--- What to produce ---
Would you please repeat exactly the entries below, starting at the line with "田植えの後、感想を聞いてみる" and ending at the line with "航拍镜头下的雪后小石林。新华网发(视频截图)", and nothing outside that range? Leave out the pictures.
--- Exercise material Enclosed Below ---
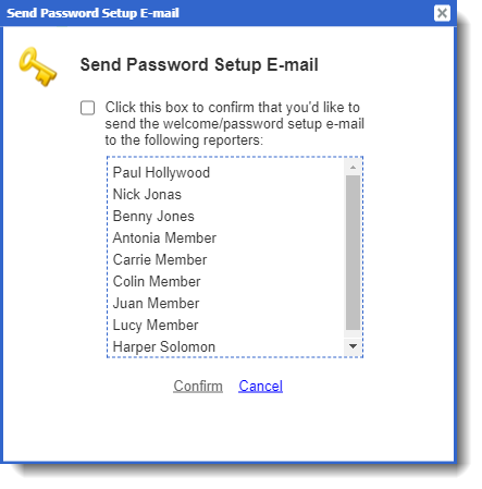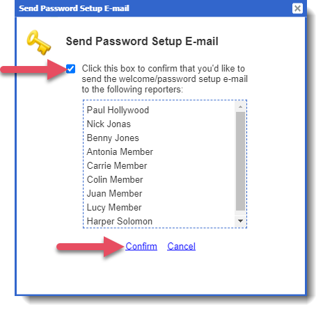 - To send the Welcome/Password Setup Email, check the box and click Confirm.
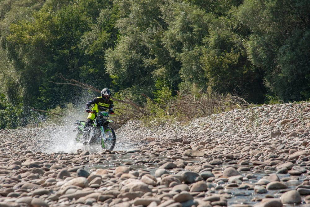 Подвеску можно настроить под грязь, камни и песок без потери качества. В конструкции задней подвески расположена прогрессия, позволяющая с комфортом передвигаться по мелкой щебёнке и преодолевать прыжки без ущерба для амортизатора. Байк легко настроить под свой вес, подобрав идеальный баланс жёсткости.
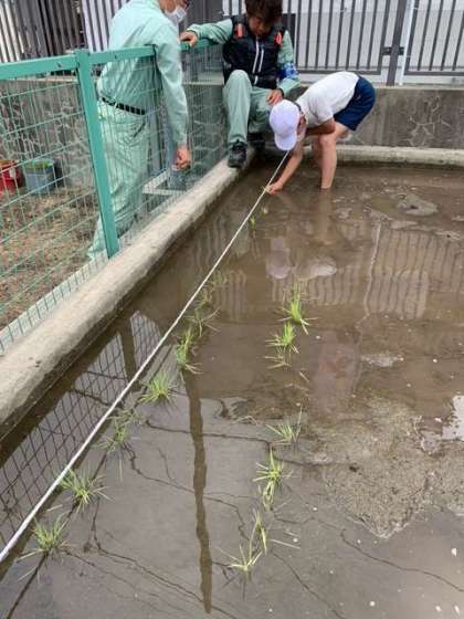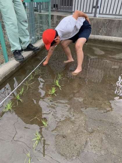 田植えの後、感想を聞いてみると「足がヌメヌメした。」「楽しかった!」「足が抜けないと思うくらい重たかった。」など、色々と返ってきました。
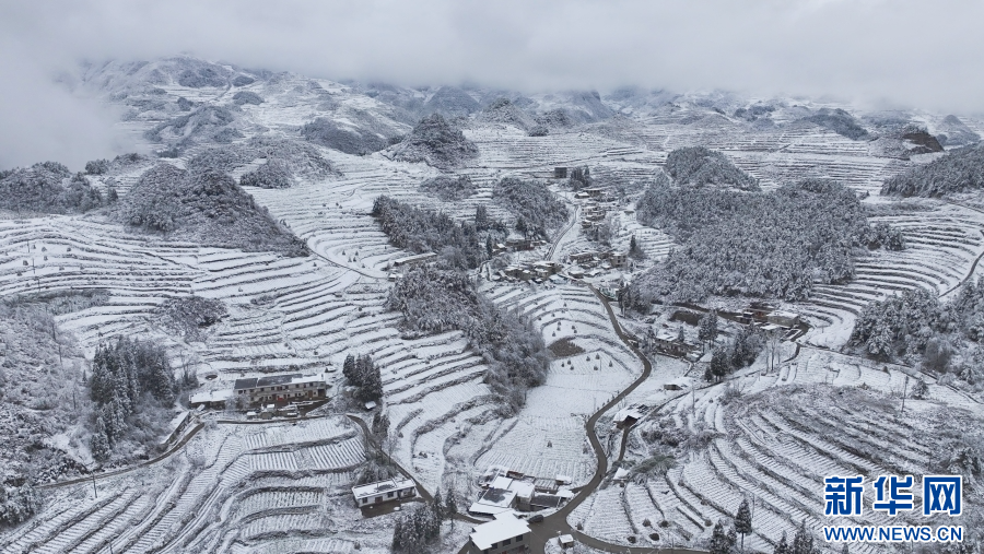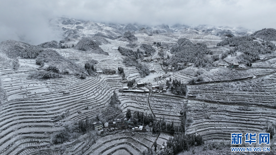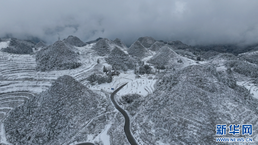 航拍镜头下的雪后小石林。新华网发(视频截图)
--- End of Enclosed Exercise material ---
--- Exercise material Enclosed Below ---
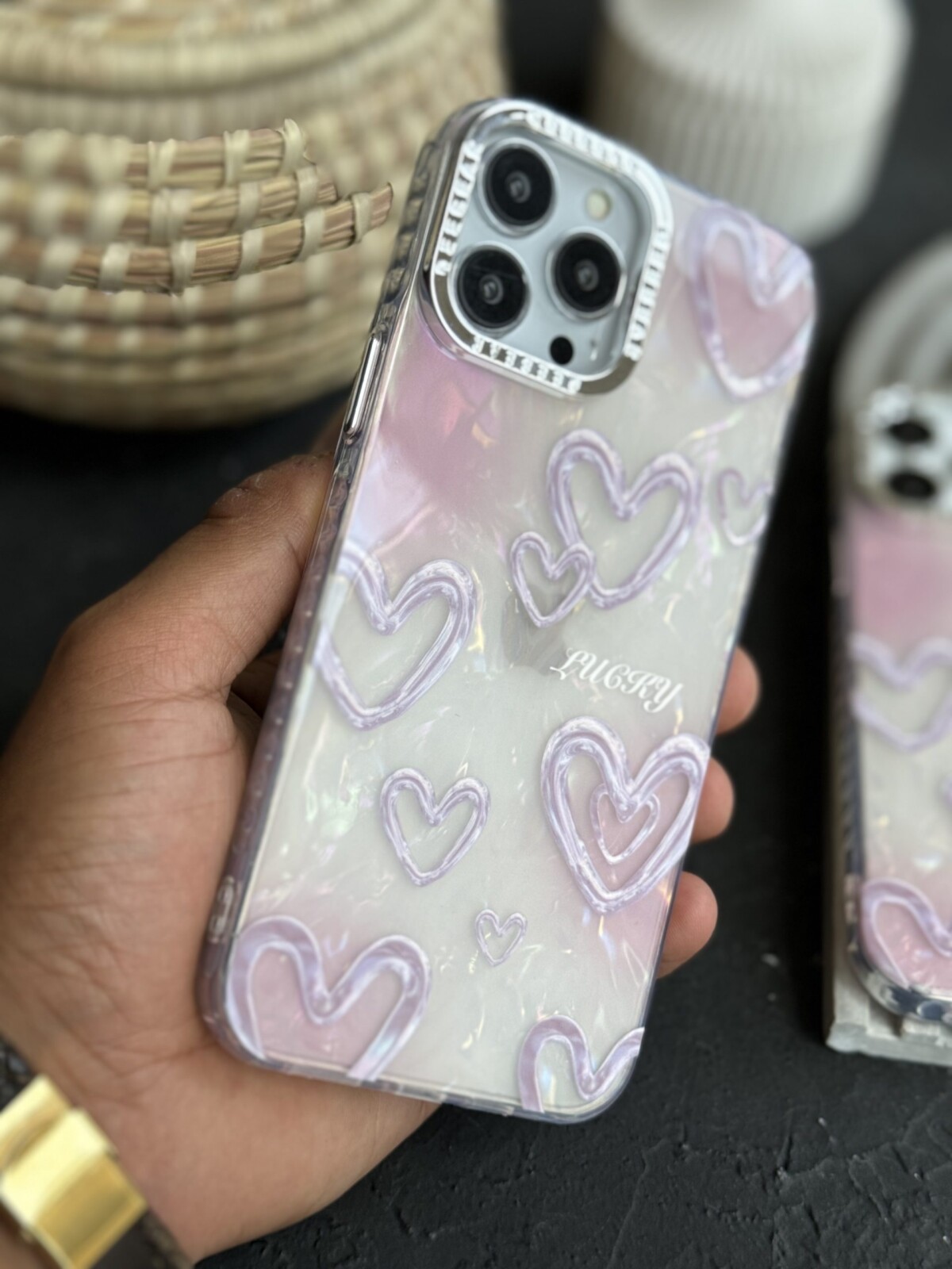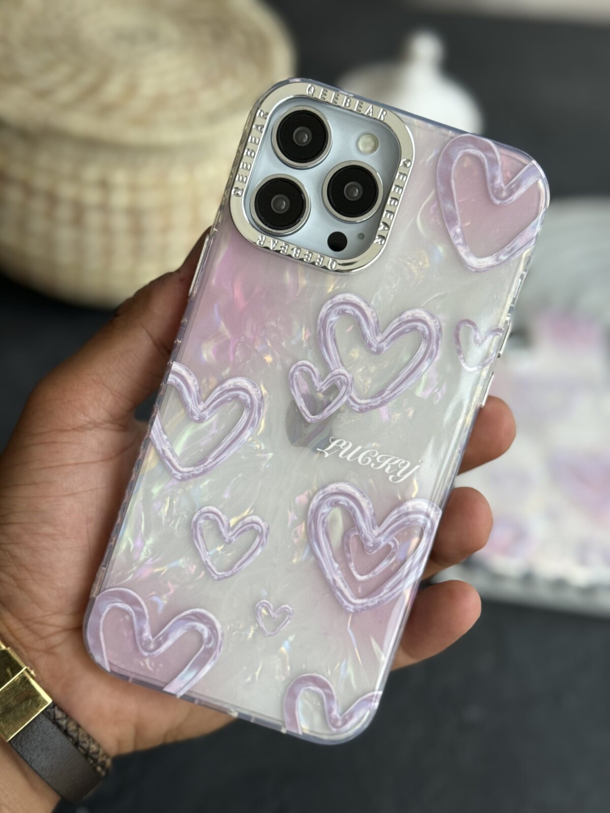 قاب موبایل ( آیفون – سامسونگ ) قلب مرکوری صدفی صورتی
--- End of Enclosed Exercise material ---
--- Exercise material Enclosed Below ---
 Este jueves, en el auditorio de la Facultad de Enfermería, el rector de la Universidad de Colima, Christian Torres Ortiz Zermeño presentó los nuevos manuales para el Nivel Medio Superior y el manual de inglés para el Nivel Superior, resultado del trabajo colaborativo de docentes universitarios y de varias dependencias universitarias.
--- End of Enclosed Exercise material ---
--- Expected output ---
 田植えの後、感想を聞いてみると「足がヌメヌメした。」「楽しかった!」「足が抜けないと思うくらい重たかった。」など、色々と返ってきました。
 航拍镜头下的雪后小石林。新华网发(视频截图)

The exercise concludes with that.